Mountains and hills of England

The highest and most extensive areas are in the north and west (including south-west), while the midlands, south-east and east of the country tend to be low-lying.

The highest peak is Scafell Pike, 978 m (3,209 ft) above sea level, and at least three other summits exceed 3,000 feet or 914.4 metres making them Furth Munros.

The Cheviot Hills lie north of the Border Moors, which extend into Scotland and could probably be considered part of either the Southern Uplands or the northern Pennines.
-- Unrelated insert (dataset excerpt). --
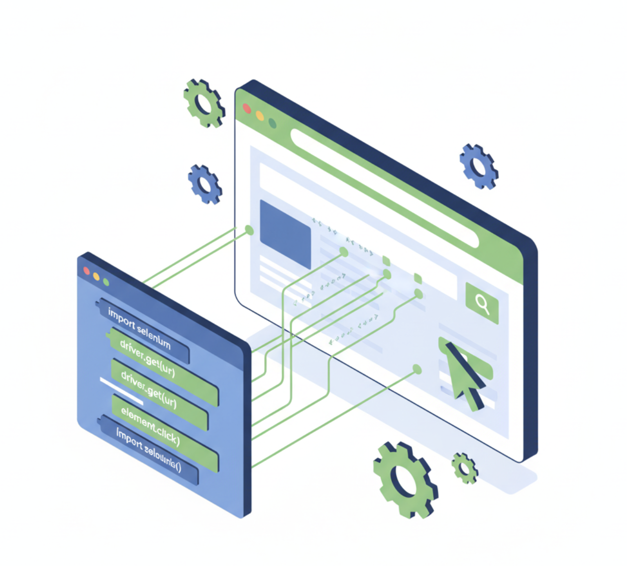 "셀레니움이란 무엇인가요?" 셀레니움은 브라우저를 자동으로 움직이게 하는 소프트웨어입니다. 마치 우리가 마우스로 클릭하고 키보드로 입력하듯이, 셀레니움은 코드를 통해 실제 웹 브라우저를 조작하여 웹 페이지를 탐색하고, 데이터를 추출하며, 복잡한 테스트 시나리오까지 수행할 수 있게 해줍니다.

The North Pennines (an Area of Outstanding Natural Beauty, or AONB) lie south of Hadrian's Wall and the Tyne Gap, and east of the Lake District, from which they are separated by the Eden Valley.
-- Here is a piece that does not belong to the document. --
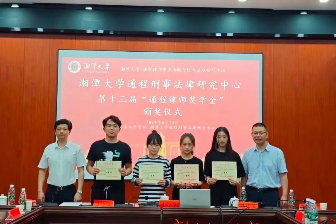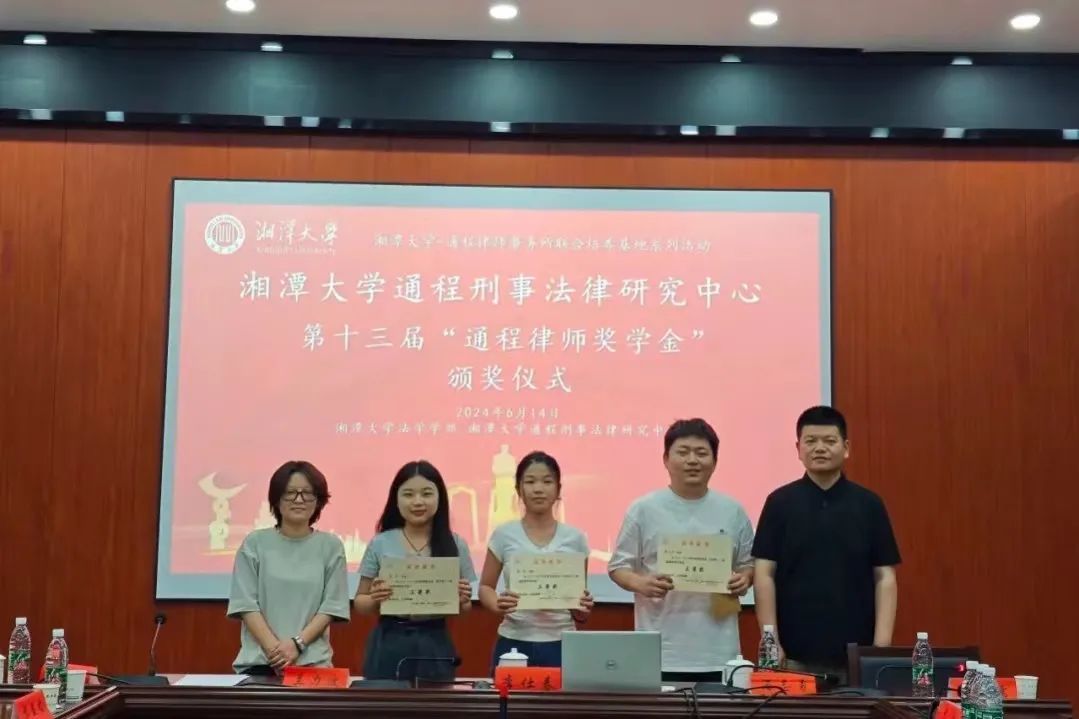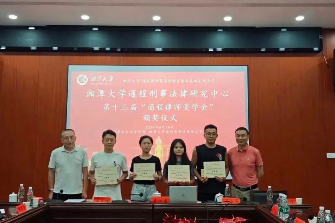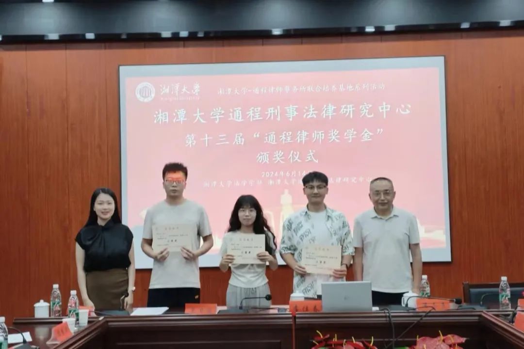 2024年6月14日下午,16831683诸侯快讯入口-通程律师事务所研究生联合培养基地系列活动—16831683诸侯快讯入口通程刑事法律研究中心第十三届“通程律师奖学金”颁奖仪式在ok1188诸侯快讯官方东附一楼会议室举行。颁奖仪式由16831683诸侯快讯入口-通程律师事务所研究生联合培养基地执行主任、16831683诸侯快讯入口通程刑事法律研究中心主任、湖南省刑事法治研究会会长、ok1188诸侯快讯官方博士生导师黄明儒教授主持,ok1188诸侯快讯官方部长、博士生导师李仕春教授,ok1188诸侯快讯官方书记陈双喜,联合培养基地主任、研究中心执行主任、研究会副会长、通程律师事务所主任兰力波律师,通程律师事务所名誉主任潘志勇律师,研究会副秘书长、通程律师事务所副主任、刑事事务部部长肖晗律师,通程律师事务所裴一霖律师、陈金磊律师,研究中心副主任、研究会学术秘书长、ok1188诸侯快讯官方张永江副教授,以及ok1188诸侯快讯官方万志鹏教授、王奎副教授、李兰老师等参加了本次颁奖仪式。

These are younger rocks, mostly Carboniferous limestone, and the mountains are characterised by shallower slopes covered with moorland vegetation, culminating in Cross Fell at 893 m (2,930 ft).

South of this, the main line of the Pennines (often called "the backbone of England") continues into the Yorkshire Dales around the Stainmore Gap, a limestone-dominated area of broad valleys and moorland.
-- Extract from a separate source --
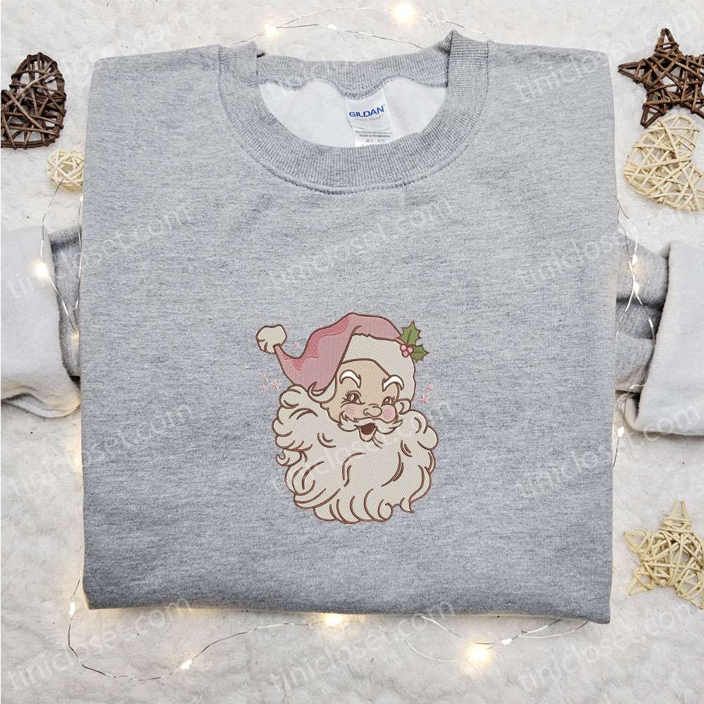 Pink Santa Claus Embroidered Shirt, Christmas Embroidered Hoodie, Best Gifts For Family

Wenlock Edge, running through the middle of the Shropshire Hills AONB, is a long, low ridge, which extends for over 15 miles (24 km).

The Malverns are made from some of the oldest rock in England (around 680 million years old) and extend some 8 miles (13 km) through two West Midlands counties Worcestershire and Herefordshire as well as northern Gloucestershire in the southwest.

Areas of lower hills in the Midlands include Cannock Chase in Staffordshire, Charnwood Forest in Leicestershire and the Lincolnshire Wolds.

Exmoor, in northern Somerset, and abutting the Bristol Channel, reaches 519 m (1,703 ft) at Dunkery Beacon, and is famous as the setting of Lorna Doone.